19 January 2020 | Shostakovich343
Kids on the Slope - Narrative Commentary
(Note: though spoiler-free, this piece is as much a technical essay as it is a straightforward review. If looking solely for the latter, please direct your dislike elsewhere.)
Shinichiro Watanabe is a notorious rule breaker. With his genre-bending "Cowboy Bebop" he aguably did for anime what Quentin Tarantino did for cinema with "Pulp Fiction". But to paraphrase Robert McKee: 'Inexperienced writers obey rules; rebellious writers break rules; an artist masters the form.' "Kids on the Slope" is a more conventional effort than Watanabe's earlier work, and a good example of why technique and tradition matter.
The rules I'd like to use as illustration are dusty and strict: the three classical unities of theatre.

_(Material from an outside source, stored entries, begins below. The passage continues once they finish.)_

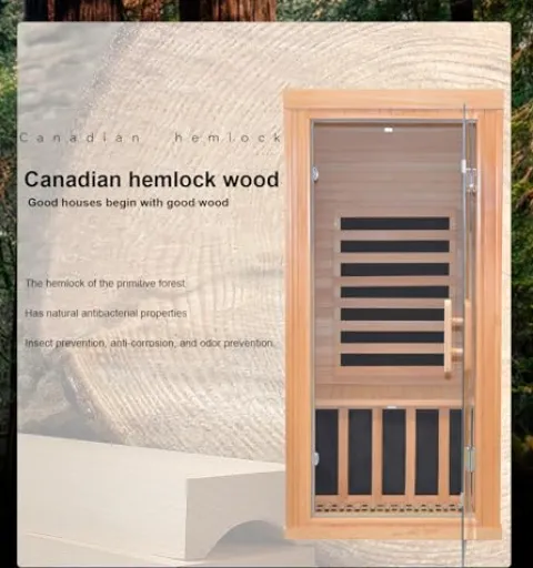 - 【Natural and Durable 1 Person Sauna】-Natural reforest Canadian Hemlock wood, Canadian Hemlock Infrared Indoor Sauna Room is beautiful 、highly resistant to moisture and decay.This ensures the sauna room remains in pristine condition for years to come.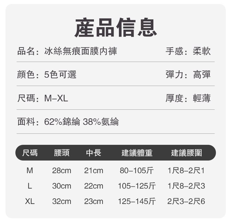 20分鐘前【爆款】中腰蜜桃臀無痕面膜內褲 - 5條(每個各1個)225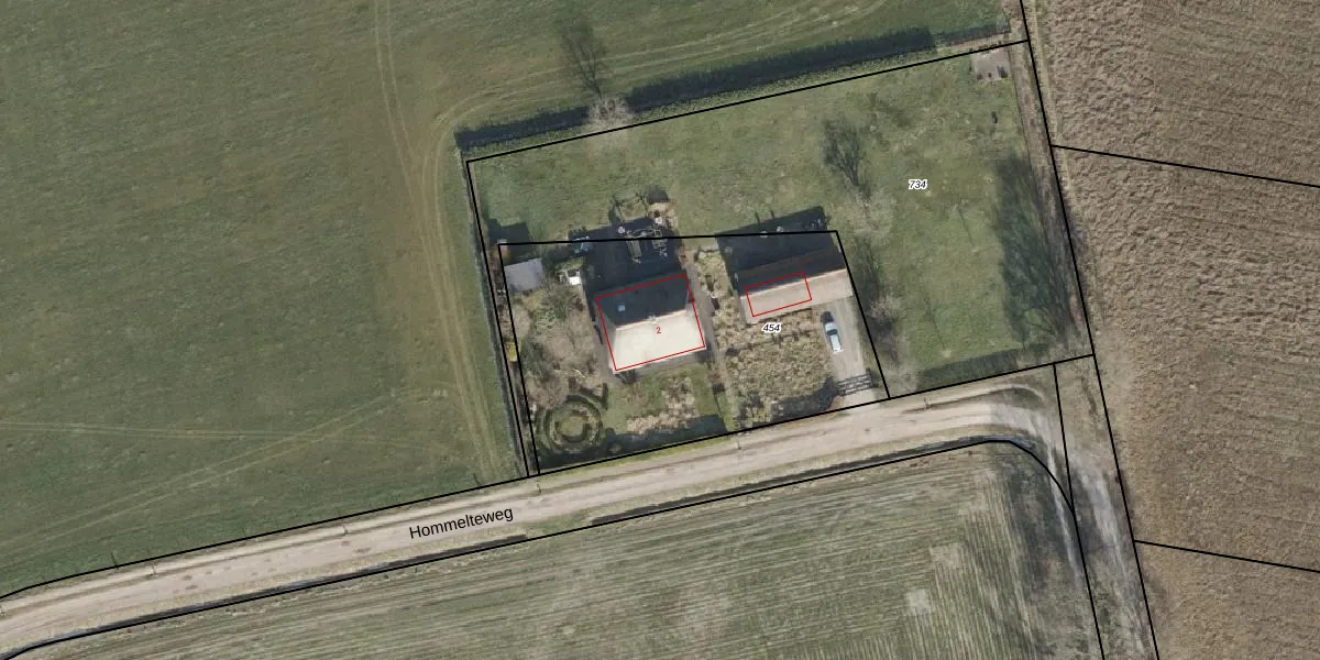 Hommelteweg 2 is gelegen op kadastraal perceel HTN03G454. Deze kadastrale aanduiding is uniek en wordt gebruikt door het Kadaster om eigendomsrechten en andere zakelijke rechten vast te leggen. Het perceel maakt onderdeel uit van de kadastrale gemeente Holten.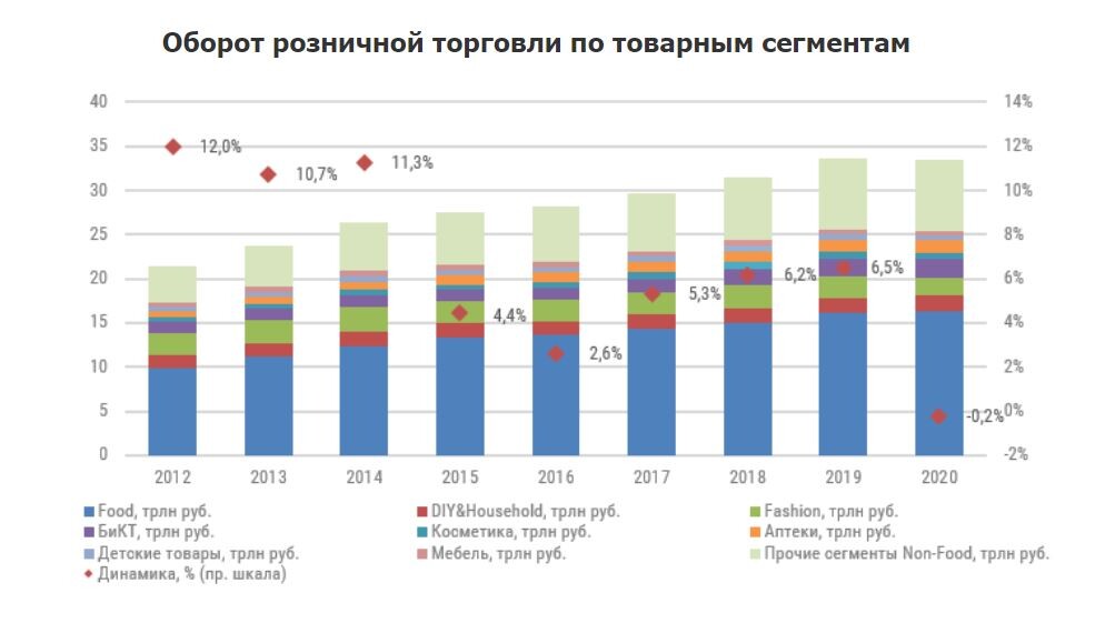 Динамика различных сегментов была разнонаправленной. Если аптеки показалирост на 7%, а бытовая техника, электроника и мобильные устройства — на 12%, тов остальных сегментах наблюдалось сокращение продаж. Так, сегмент Fashionоказался наиболее пострадавшим во II кв. 2020 г., когда население урезалорасходы на одежду и обувь более чем на 50%. По итогам всего года оборотымодного сегмента снизились почти на 17%, подсчитали аналитики.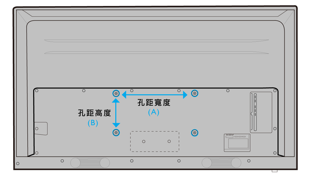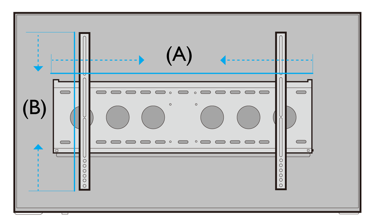 1. 請先量測家中舊的壁掛架寬度跟長度 (如下圖所標示紅色(A) 與(B)標示。)

Best embodied by the French Classicist movement, they demand:
Unity of place: events take place in one single location;
Unity of action: events revolve around one single action;
Unity of time: events take place within a span of 24 hours.
I am the first to admit that the relevance of these rules in a discussion on contemporary art is limited. They were devised for Greek one-man tragedy, a medium marred by many limitations absent from film, let alone serialised animation.

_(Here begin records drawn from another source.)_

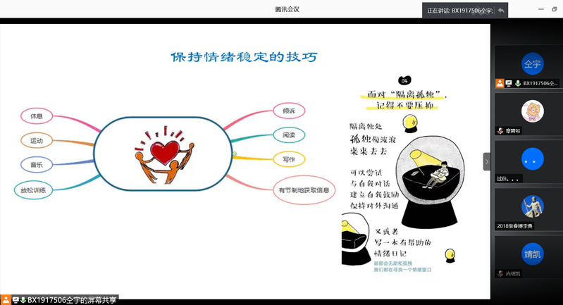 此次线上分享带给同学们科学的心理健康知识,并倡导心理保健意识,帮助同学们提高居家学习的效率缓解学业压力。学院将持续关注研究生的心理健康状况,针对压力来源和各种诉求开展积极有效的疏导工作,将学生的身心健康放在首位。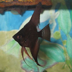 Hey! I'm pretty new here. I'm from Iceland. I just wanted to put up a pic of my angelfish here. He's a black angelfish, and I think he looks very pretty, he is not very big, but I have owned him for about 6 months now.
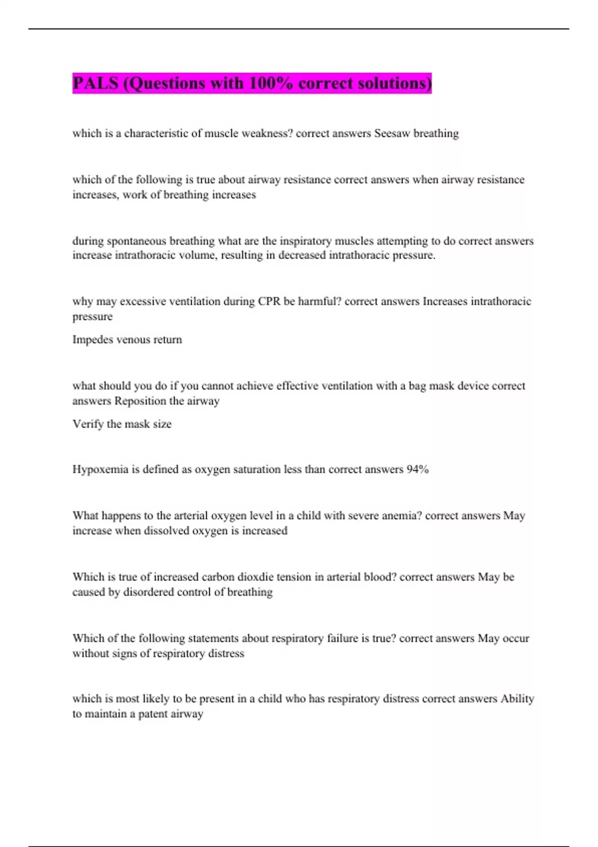 PALS (Questions with 100% correct solutions)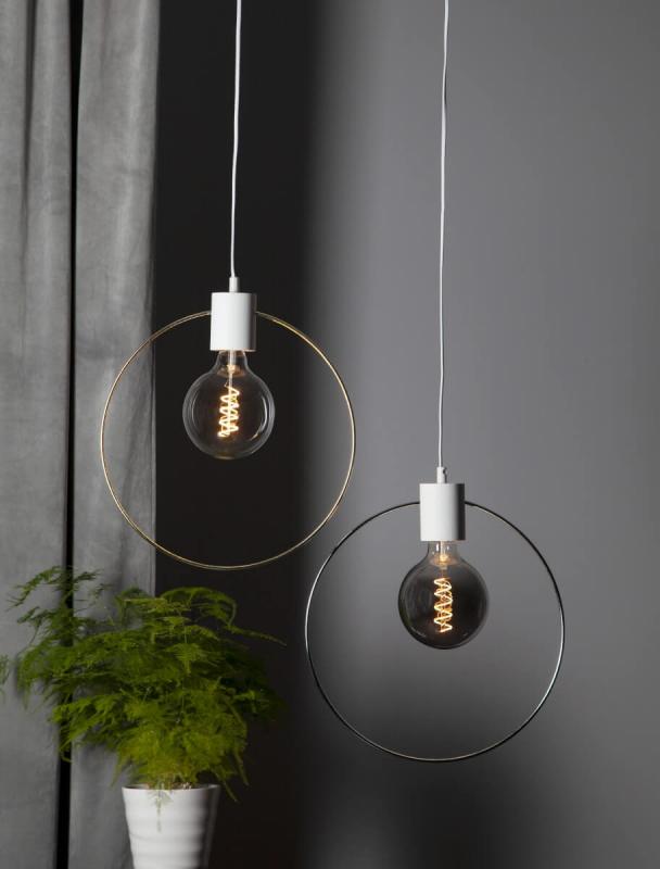Forever, vilken vacker Fönsterlampa eller Taklampa om du så vill upphäng i vitt med en ring i mässing! Vilken lampa du vill kombinera underverket med väljer du självklart själv bland alla härliga LED glober. Alldeles lysande!

This anachronism is most notable in regard to the unity of place. It is awkward to change sets during the performance of a play (it certainly was in the seventeenth century), but a film director can cut without making a fuss.
That isn't to say that unity of place shouldn't be considered at all anymore. Continually jumping from location to location threatens to lacerate a narrative, making it feel episodical and jumbled ("Rogue One" is a recent victim of this mishap). But "Kids on the Slope" is not plagued by such problems. If anything, it is quite sparse with locations. The series largely takes place within its three protagonists' houses and their school, connected by the eponymous slope.

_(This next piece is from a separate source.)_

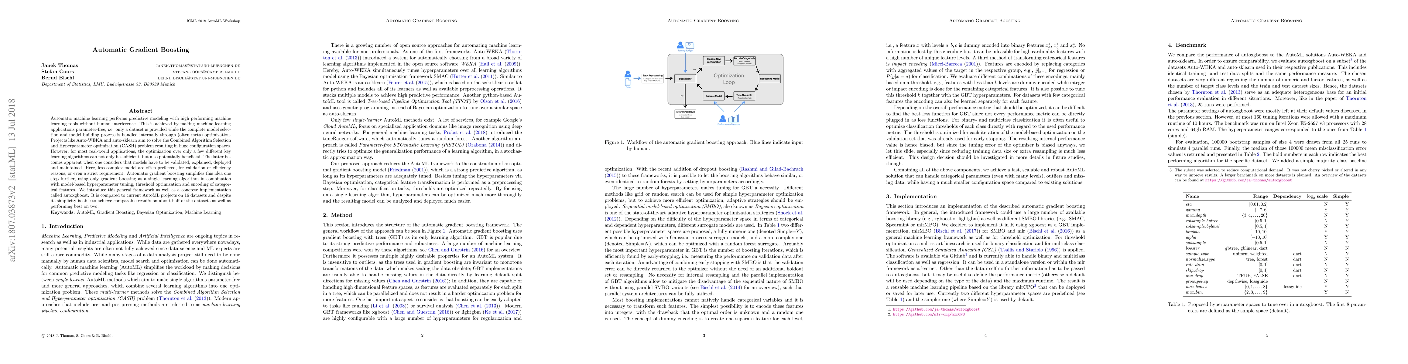 Automatic machine learning performs predictive modeling with high performing machine learning tools without human interference. This is achieved by making machine learning applications parameter-free, i.e. only a dataset is provided while the complete model selection and model building process is handled internally through (often meta) optimization. Projects like Auto-WEKA and auto-sklearn aim to solve the Combined Algorithm Selection and Hyperparameter optimization (CASH) problem resulting in huge configuration spaces. However, for most real-world applications, the optimization over only a few different key learning algorithms can not only be sufficient, but also potentially beneficial. The latter becomes apparent when one considers that models have to be validated, explained, deployed and maintained. Here, less complex model are often preferred, for validation or efficiency reasons, or even a strict requirement. Automatic gradient boosting simplifies this idea one step further, using only gradient boosting as a single learning algorithm in combination with model-based hyperparameter tuning, threshold optimization and encoding of categorical features. We introduce this general framework as well as a concrete implementation called autoxgboost. It is compared to current AutoML projects on 16 datasets and despite its simplicity is able to achieve comparable results on about half of the datasets as well as performing best on two.

Note the pivotal role the slope plays in the series' opening shot, visually enhancing the aversion with which transfer pupil Kaoru walks to his new school. His first day is a bit of a disaster (did you expect otherwise?); most of his classmates shun his top-of-the-class-city-boy looks, and the delinquent Sentaro takes a peculiar interest in him. When it turns out Kaoru can play the piano, however, Sentaro introduces him to the marvels of jazz music. The two form a strong bond and meet every day at the local record shop-cum-practice room, accompanied by the lovely Ritsuko.
So far, so standard. Self-discovery through music and an inevitable love triangle are solid (if standard) building blocks for a story. But "Kids on the Slope" has trouble retaining focus over the course of its events. When two more characters enter our protagonists' circle of friends, the love triangle evolves into a love pentagon, which really is too much -- especially when these two simply drop out again later after a lukewarm resolve. Oh, and there is a school festival that is terribly important, until it isn't anymore.
This is where the three unities re-enter the frame. Having your plot revolve around but one major action is very parsimonious considering the many tales that successfully combine romantic and extra-personal conflict. But that is exactly where "Kids on the Slope" fails. Whenever the focus is on either jazz or the amorous geometry, the other disappears from focus almost completely. Taking a critical view at their core material, the writers should have cut the complications to an acceptable degree, and striven for a more balanced distribution of screen time.
This is not to say that the two stories taken by themselves are handled badly. The music performances are vigorous, a triumph. Occasional use of digital animation allows you to see characters actually play the music that you hear (even if the switch between styles can be jarring). And the romantic elements, cluttered and clumsy as they may be, at least feature likable characters.
But then "Kids on the Slope" utterly shatters the final unity, when it jarringly jumps six months ahead in time. This results in precisely what the classicists were trying to prevent: confusion. We are violently jerked away from the events while they were nearing their dramatic conclusion and have to reorient when we should be engrossed.
At the same time the series takes a sudden, and wholly unforeshadowed, turn, after which Kaoru makes a stupid decision so far beyond his established character that it gravely injures his developmental arc. If before one could have argued that the tangled and inconsistent narrative reflects the psychological rollercoaster that is puberty, by now inconsistency has become incompetence and excuses dissipate.
I wonder to what degree this can be blamed on director Watanabe -- never a master of the long arc. The penultimate two episodes of "Kids on the Slope" recall the ending of "Samurai Champloo", when he realised that two of his three main characters had no conflict demanding resolve and arbitrarily came up with a last-minute nemesis that had all the impact of a passing seagull.
It is nearly a deal-breaker here. Very nearly. But another similarity between series is that I cannot bring myself to dislike either. "Kids on the Slope" stumbles many times and has to limp towards the finish line, but I would be lying if I said its final episode didn't leave me feeling happy and fulfilled.
No, "Kids on the Slope" isn't bad. The point I'm trying to bring across is that it could have been so much better had it been tighter and more consistent. The three classical unities in their strictest form have since long been discarded, but they embody a discipline in storytelling that "Kids on the Slope" lacks. Watanabe has never been reluctant to take inspiration from other artists' work. Now for him to see that convention can enrich his art too.